Thanks for all the feedback.

WET
 
RavenTai said:
not a direct comparison but with stock springs going from stock shocks to bilsteins really helped out a lot with the body roll, almost eliminating it, before even with just lane changes the ass end would sway back and forth, it felt bad,

I did the same thing, Put Billies on and the body roll went away. Go Billies...
 
firmer shocks .
 
and a set of 1" to 1.25" wheel spacers would change the feel a lot.
 
Spacers = different look, undetectable roll difference. Done the research, got the T shirt.

DougM
 
I have the same lift, and I had some roll. It was in the front mostly. It seemed soft in the front. I added a pair of 1 1/4" spacers above the front stops (from Kevin; toolsrus) for another 1 1/4" front lift. It now corners flat like a sports car on windy mountain roads. Handles well in corners even when the inside front tire is screaming for mercy!
The factory designs a "rake" into the suspension to compensate for towing weight, placing the rear higher than the front. This places more weight onto the front axle. The effect is increased when the truck is lifted and the center of gravity is raised. This causes a feeling of roll when cornering. A bit of extra lift in the front transfers the weight more to the rear to balance handling. It makes a big difference!
Kevin has engineered a spacer that corrects the problem. They are made in 1", 1 1/4", and 1 1/2" thicknesses. Quantities are limited to production capabilities, and you may have to wait for a pair to be available.
I have a 3" lift without caster correction. Before the added front lift it was a bit light in the front. Body roll felt uncomfortable, and the handling was squirrelly. With the added lift, I left the beach at Ventura and drove up to over a mile of altitude in 26 road miles with perfect handling. That was a very curvy road with stunning views that kept my eyes off of the road most of the time. The truck handled impeccably! The spacer may be your cure.
PM Kevin at (toolsrus) to see when he may be able to get more made.
 
OME Swaybars

The PO of my 93 put a 40mm (~2.5") OME lift in, then freaked out about body roll and put in a OME front sway bar. He kept the stock one and it came with the rig. I'd say the OME is about 25% thicker and doesn't interfere with my factory locker. The sway is not weird at all. Might be worth looking into.
 
Lots of debate for somebody who already answered their own question: OME medium doesn't have any excessive roll IMO with the regular shocks and he doesn't like the feel of the soft shocks.
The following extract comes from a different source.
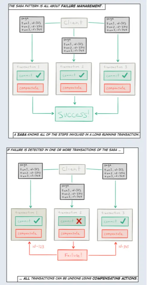 分布式事务是一个经常使用的方式用来协调分布式系统的变动,但其本质需要约束并发执行,保证同一时间只有一个用户在操作。因此其成本非常昂贵,会使得系统变慢、无法扩展。Saga模式是分布式事务之外的一个能够实现可扩展、弹性伸缩的选择。它的理论基础在于一个长时间运行的业务事务大多时候都是由多个事务步骤组成的,而事务步骤的总体一致性能够通过将这些步骤分组成一个总体的分布式事务来实现。该技术将每一个阶段的事务与一个可补偿回滚的事务配对,如果一个阶段的事务失败了,那么总体的分布式事务就可以回滚(反向顺序)。

There's only one answer here.
 
One suggestion I'd have that is really cheap (sorry?), but works...

Start by replacing some of the stock swaybar bushings with eurethane. I have gone this route for years, with cars and trucks. For getting a better response without a stiffer feel, replace just the inner strap bushings. To get an effective higher bar rate, replace the straps and the end link rubber with eurethane.
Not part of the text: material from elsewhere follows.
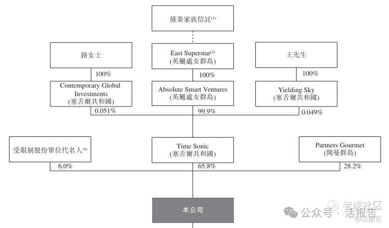 IPO前,Time Sonic拥有公司65.8%股权,控制人为王先生、路女士及其绿茶家族信托;受限制股份单位代名人(公司股权激励信托)持股6%。

I did this on my old 4 runner with great success, and on dozens of cars, race and street. Most times you can use an off the shelf strap (the kind with the zerk fitting is the best IMO), 27 and 25mm are standard parts for suspension techniques. The multilink bushings might be tougher, but a lot of 'merican iron can interchange (I used some sort of chebby app for my 4R).

Scott Justusson
 
SUMOTOY said:
One suggestion I'd have that is really cheap (sorry?), but works...
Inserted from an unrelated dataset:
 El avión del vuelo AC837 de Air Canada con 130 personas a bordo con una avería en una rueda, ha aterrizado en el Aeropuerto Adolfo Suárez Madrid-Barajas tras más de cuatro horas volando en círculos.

Start by replacing some of the stock swaybar bushings with eurethane. I have gone this route for years, with cars and trucks. For getting a better response without a stiffer feel, replace just the inner strap bushings. To get an effective higher bar rate, replace the straps and the end link rubber with eurethane.

I did this on my old 4 runner with great success, and on dozens of cars, race and street. Most times you can use an off the shelf strap (the kind with the zerk fitting is the best IMO), 27 and 25mm are standard parts for suspension techniques. The multilink bushings might be tougher, but a lot of 'merican iron can interchange (I used some sort of chebby app for my 4R).

Scott Justusson

Where would someone get those for an 80?